I have just been using a battery cut off switch as sort of a master power key for the cycle. I figured that would be OK, because there shouldn't be any power running through everything as long as the throttle isn't turned.

I have a bunch of parts off a 36V electric forklift.
I pulled off a contactor and tested it by running 36 volts to the small power connectors on it. The contactor snapped shut, and then sprung back open when I broke the circuit. That's exactly how a contactor is supposed to work, as far as I know.

I set the multi-meter to measure amps. The contactor pulls almost axactly an amp. Since this is a 36V battery pack, that means 1 amp x 36V system voltage = 36 Watts. Does this sound right? Is that typical power usage for a contactor?

Do I really need a contactor? What advantage do I gain for my 36 watts used?

I also wanted to see about using the key switch from the forklift as an ignition key for the motorcycle. ( The cycle frame did not originally include the ignition unit). Is one amp at 36 volts too much to be running through a little key switch? I would imagine that everything in the forklift ran on the full pack voltage. I didn't see any sort of DC/DC converter on it. I noticed that the strobe light on it was rated to run on 12 to 80 volts. I think that was so it could run straight off the main battery pack voltage.

Do I have all this right? Is there anything else I should be thinking about?

The contactor I am using here is a Prestolite JCA-4002E. There are a couple other contactors that I have that are also off that same forklift, which are a different brand, and it looks like 2 of them are also reversing contactors.

I have also heard that you need to have a resistor for the PWM controller when using a contactor, but have never been able to nail down the exact how or why.

Thanks in advance,

-Ben
Cycle Link


----------



## sharp21 (Mar 11, 2008)

I was looking at your bike thinking "ive seen that somewhere..."
Turns out I just replied to your post on ecomodder!
Your bike is a real inspiration
S>


----------



## Damon Henry (Jul 26, 2007)

Putting that contactor in is a great idea. It is possible that your controller will fail full on, and your battery cut off switch is likely to weld shut rather than break the circuit for you which means you have no way to stop until the batteries run down. Having said that, I have been running my motorcycle for several years with the exact same switch and no contactor  I've had one sitting on my shelf for a couple of years that I have been meaning to install.

One amp is not unusual for that size of contactor. Running it at a lower voltage will make it use less current, but a lower voltage will also make it activate slower. There is a thing you can build called an econimizer circuit that will make it use a lot less current, but you will have to google it to find out more.

If there are no ratings on your key switch there is no way to know if it will work with this contactor but to try it. I think since it came off the forklift it is likely to work just fine.

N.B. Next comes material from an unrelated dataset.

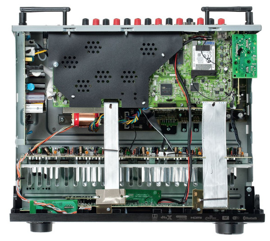 Blok wzmacniaczy wykorzystuje jeden długi radiator, biegnący wzdłuż przedniego panelu. W każdym kanale pracuje jedna para tranzystorów Sankena. Transformator (rdzeniowy) został umieszczony pod płytkami, a elementy prostowników przykręcono do dolnej ścianki, co pomaga odprowadzać ciepło; ta kwestia jest w tym urządzeniu istotna o tyle, że producent pozwala na podłączenie obciążeń 4-omowych we wszystkich kanałach.

One thing you need to understand about a contactor is that it creates a huge voltage spike when you turn it off and the coil deenrgizes. This spike is across the switch and any electronics hooked to that circuit. The simplest way to defeat this spike is to add a diode across the contactor coil. By this I mean the positive and negative leads that turn the contactor on and off. If you are playing with the contactor and you turn it on and off by touching a wire to one of the leads instead of wiring in a switch, you will see a large spark when you disconnect the wire. That large spark is caused by the voltage spike. When you add the diode the spark will be greatly reduced or disappear all together.

If you look at the schematics for your Alltrax you will see that they include the diode across the contactor. This is to protect their controller from that large spike.

damon


----------



## BenNelson (Jul 27, 2007)

I looked through the Alltrax diagrams and used a diode and resistor as per their information.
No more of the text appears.